WORK ORDER
Beginning at the line that contains "Detaljan popis lokacija", reproduce the entries below exactly, ending with the line that contains "centuries, the neotropical". Omit each picture.

SOURCE RECORDS

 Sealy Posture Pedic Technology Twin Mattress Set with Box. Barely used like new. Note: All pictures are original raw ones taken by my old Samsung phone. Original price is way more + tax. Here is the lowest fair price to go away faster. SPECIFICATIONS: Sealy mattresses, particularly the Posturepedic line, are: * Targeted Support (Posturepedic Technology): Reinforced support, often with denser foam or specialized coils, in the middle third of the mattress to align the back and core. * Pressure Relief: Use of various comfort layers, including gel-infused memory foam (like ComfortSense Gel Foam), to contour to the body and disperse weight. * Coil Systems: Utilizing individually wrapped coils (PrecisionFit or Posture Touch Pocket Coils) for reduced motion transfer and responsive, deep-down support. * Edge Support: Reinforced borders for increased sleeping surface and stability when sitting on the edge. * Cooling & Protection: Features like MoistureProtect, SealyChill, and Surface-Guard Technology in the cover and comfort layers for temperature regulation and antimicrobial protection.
* * *
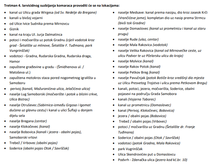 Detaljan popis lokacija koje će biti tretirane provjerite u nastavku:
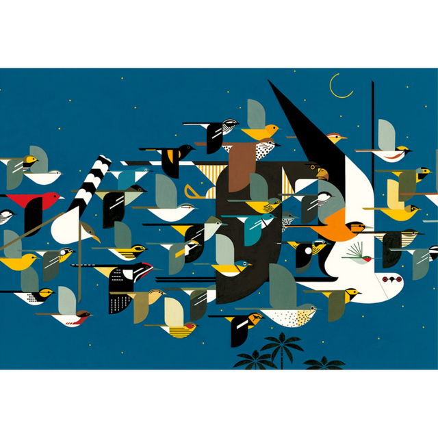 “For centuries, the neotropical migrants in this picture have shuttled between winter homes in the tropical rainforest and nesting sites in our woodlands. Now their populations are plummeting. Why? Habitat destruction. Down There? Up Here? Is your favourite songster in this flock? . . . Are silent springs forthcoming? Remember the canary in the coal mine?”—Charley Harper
* * *
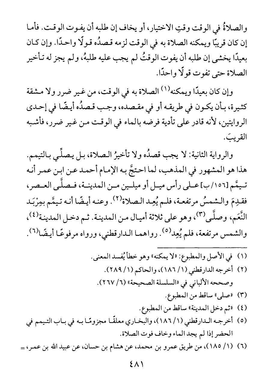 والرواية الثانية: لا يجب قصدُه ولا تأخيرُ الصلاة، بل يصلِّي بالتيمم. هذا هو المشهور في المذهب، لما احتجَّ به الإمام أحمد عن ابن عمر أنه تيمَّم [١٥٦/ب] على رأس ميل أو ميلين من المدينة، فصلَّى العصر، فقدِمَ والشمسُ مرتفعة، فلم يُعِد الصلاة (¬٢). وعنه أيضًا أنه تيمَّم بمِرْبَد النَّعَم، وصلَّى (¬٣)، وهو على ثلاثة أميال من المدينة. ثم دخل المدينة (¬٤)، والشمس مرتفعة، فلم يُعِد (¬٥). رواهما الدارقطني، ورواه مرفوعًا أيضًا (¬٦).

ANSWER TO THIS EXERCISE
 Detaljan popis lokacija koje će biti tretirane provjerite u nastavku:
 “For centuries, the neotropical migrants in this picture have shuttled between winter homes in the tropical rainforest and nesting sites in our woodlands. Now their populations are plummeting. Why? Habitat destruction. Down There? Up Here? Is your favourite songster in this flock? . . . Are silent springs forthcoming? Remember the canary in the coal mine?”—Charley Harper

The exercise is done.